Masthead graphic based on a painting by Gudrun Thriemer.

Monday, July 28, 2008

Bruce Cumings, "The South Korean massacre at Taejon: New evidence on US responsibility and coverup," Japan Focus, July 23, 2008.

...when they finally pay attention, Americans are entirely capable of calling their leaders to account for their actions. Most of the time, however, no one pays attention, and in the worst instance, when awful crimes occur for which the U.S. bears a deep responsibility, they are covered up and buried, and one wonders if anyone cares—even when the truth finally comes to light.
In July 2008 the world media heralded the arrest of “the world’s most wanted war criminal,” Bosnian Serb leader Radovan Karadzic. He had been in hiding for thirteen years, ever since he was charged with genocide by the United Nations war crimes tribunal in The Hague for his role in the massacre of some 8,000 Muslim men and boys in Srebrenica. These events were subsequently termed “Europe’s worst slaughter of civilians since World War II.” [1]

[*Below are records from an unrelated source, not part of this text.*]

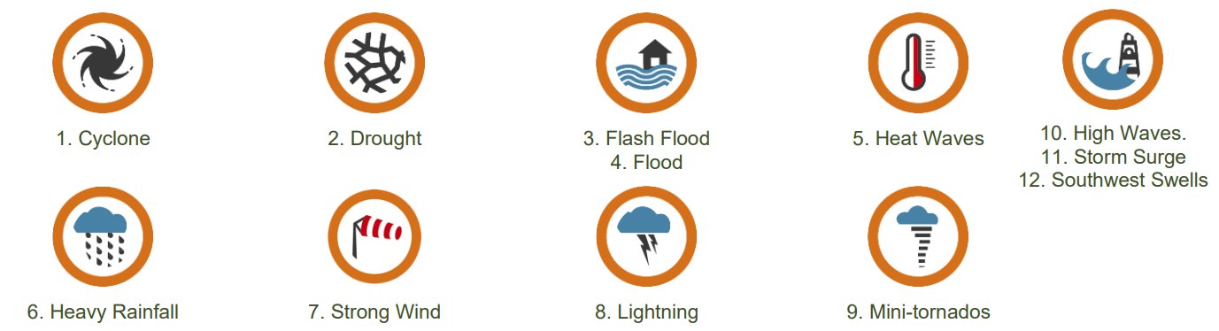 | * | This categorization includes important subtleties. For example, while cyclones are a major hazard for the Republic of Mauritius, their impact varies. Typically, cyclones cause damage through high winds and heavy rainfall, which can lead to flash floods and landslides. However, certain cyclones may bring minimal rainfall and primarily cause damage through high winds alone, without leading to flooding or landslides. | ||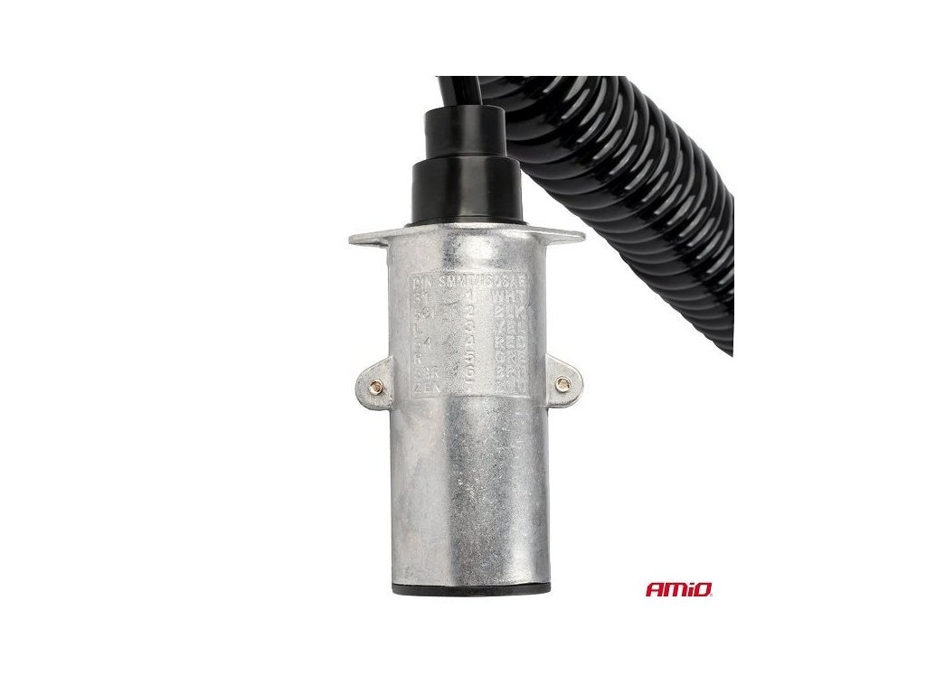 Spirálový kabel pro přívěs TIR 2x 7pinový typ N 5m 24V AMIO Odolný a spolehlivý spirálový kabel pro přívěsy, vybavený dvěma 7pinovými konektory typu N, určený pro instalace 24 V. Pracovní délka 5 metrů zajišťuje flexibilní spojení mezi tahačem a přívěsem, a toi při plně otočené soupravě.Kabel je vysoce odolný vůči povětrnostním podmínkám, oděru a natahování, což zaručuje dlouhou životnost a bezproblémový provoz. Pevné konektory vyrobené z odolných materiálů zajišťují spolehlivé a stabilní elektrické připojení v souladu s evropskými normami.
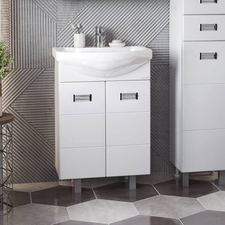 Размеры тумбы без учета раковины и ножек: 59x31x68 см.

Fifty-eight years earlier, in another distant July, the North Korean People’s Army bore down upon the city of Taejon, south of Seoul. Police authorities removed political prisoners from local jails, men and boys along with some women, massacred them, threw them into open pits, and dumped the earth back on them. Somewhere between 4,000 and 7,000 died, and their stories remained buried for half a century. American officers stood idly by while this slaughter went on, photographing it for their records, but doing nothing to stop it. In September 1950 the Joint Chiefs of Staff decided to keep these photos classified; they were not released until 1999, after a determined effort by a psychologist in New York, Do-Young Lee, whose father had been murdered by southern authorities in August 1950.